Here's a run of the code only assuming the 80% level of GNT vocabulary rather than the whole thing.

id	title	lemmas	tokens	GNT lemmas	GNT tokens	% GNT lemmas	% GNT tokens
001	Euthyphro	690	5,181	149	3,135	21.59%	60.51%
002	Apology	1,112	8,745	165	5,551	14.84%	63.48%
003	Crito	712	4,172	150	2,581	21.07%	61.86%
004	Phaedo	1,921	21,825	214	13,647	11.14%	62.53%
005	Cratylus	1,607	17,944	192	11,208	11.95%	62.46%
006	Theaetetus	2,072	22,489	215	13,416	10.38%	59.66%
007	Sophist	1,598	16,024	183	9,644	11.45%	60.18%
008	Statesman	2,013	16,953	194	9,577	9.64%	56.49%
009	Parmenides	805	15,155	140	9,852	17.39%	65.01%
010	Philebus	1,567	17,668	187	10,209	11.93%	57.78%
011	Symposium	1,949	17,461	208	10,437	10.67%	59.77%
012	Phaedrus	2,266	16,645	212	9,395	9.36%	56.44%
013	Alcibiades 1	1,138	10,264	177	6,296	15.55%	61.34%
014	Alcibiades 2	711	4,268	142	2,566	19.97%	60.12%
015	Hipparchus	431	2,256	111	1,339	25.75%	59.35%
016	Lovers	473	2,391	104	1,427	21.99%	59.68%
017	Theages	627	3,485	124	2,129	19.78%	61.09%
018	Charmides	919	8,311	158	5,277	17.19%	63.49%
019	Laches	960	7,674	165	4,632	17.19%	60.36%
020	Lysis	911	6,980	150	4,204	16.47%	60.23%
021	Euthydemus	1,268	12,453	181	7,640	14.27%	61.35%
022	Protagoras	1,753	17,795	195	10,973	11.12%	61.66%
023	Gorgias	1,938	26,337	205	16,301	10.58%	61.89%
024	Meno	961	9,791	159	6,042	16.55%	61.71%
025	Hippias Major	958	8,448	154	5,123	16.08%	60.64%
026	Hippias Minor	698	4,360	134	2,446	19.2%	56.1%
027	Ion	721	4,024	133	2,236	18.45%	55.57%
028	Menexenus	958	4,808	161	2,877	16.81%	59.84%
029	Cleitophon	418	1,549	113	966	27.03%	62.36%
030	Republic	4,846	88,878	252	53,090	5.2%	59.73%
031	Timaeus	2,666	23,662	210	13,555	7.88%	57.29%
032	Critias	1,130	4,950	171	2,872	15.13%	58.02%
033	Minos	528	2,859	121	1,776	22.92%	62.12%
034	Laws	5,227	103,193	250	58,891	4.78%	57.07%
035	Epinomis	1,014	6,309	165	3,700	16.27%	58.65%
036	Epistles	2,026	16,964	211	10,229	10.41%	60.3%

The Plato coverage generally drops from around 80% to 60% which suggests it might be worth "topping up" one's vocabulary with some common Plato words not in the GNT before embarking on a specific work. It would be easy to generate such a list with vocabulary-tools.

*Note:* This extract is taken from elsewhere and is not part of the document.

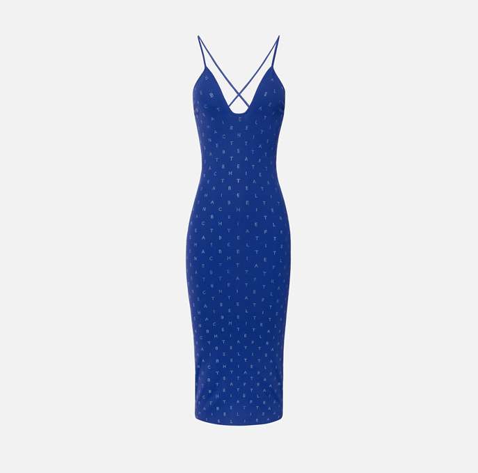Abito midi in viscosa stretch con motivo di strass lettering all-over. È caratterizzato da scollo incrociato sul davanti.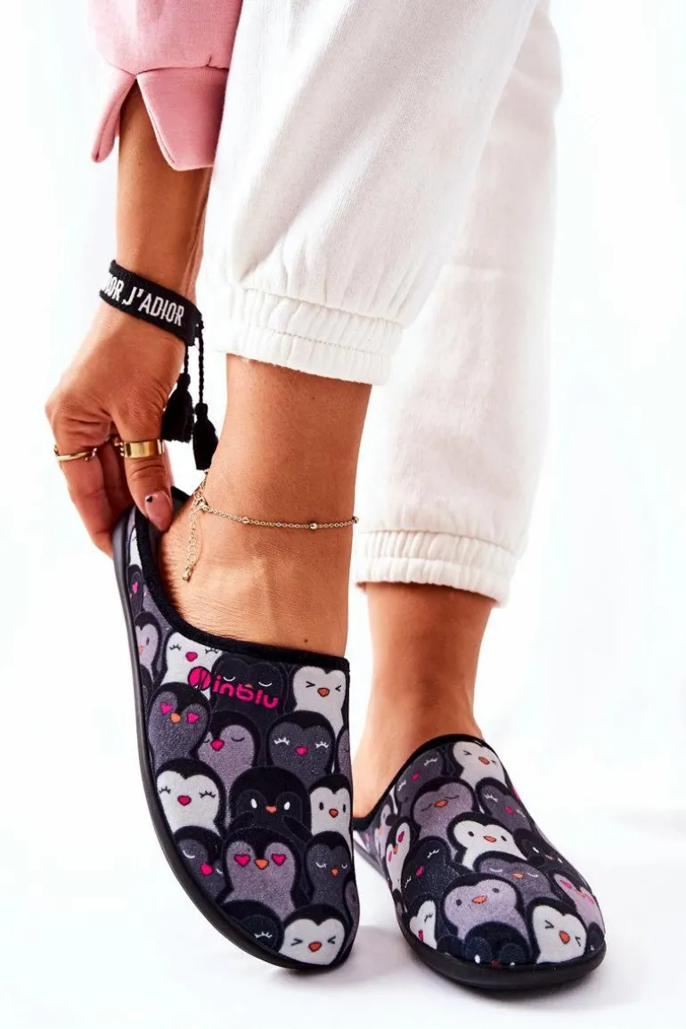 Papcie Klapki Befado Pingwinki 155D202 Czarne

But it was quite striking to me in both tables just how little the token % drops due to length (in contrast to the lemma %).

This just goes to show that longer works introduce a lot of new words but very sparsely (probably with only one occurrence in many cases).

I might explore that graphically in a follow-up post.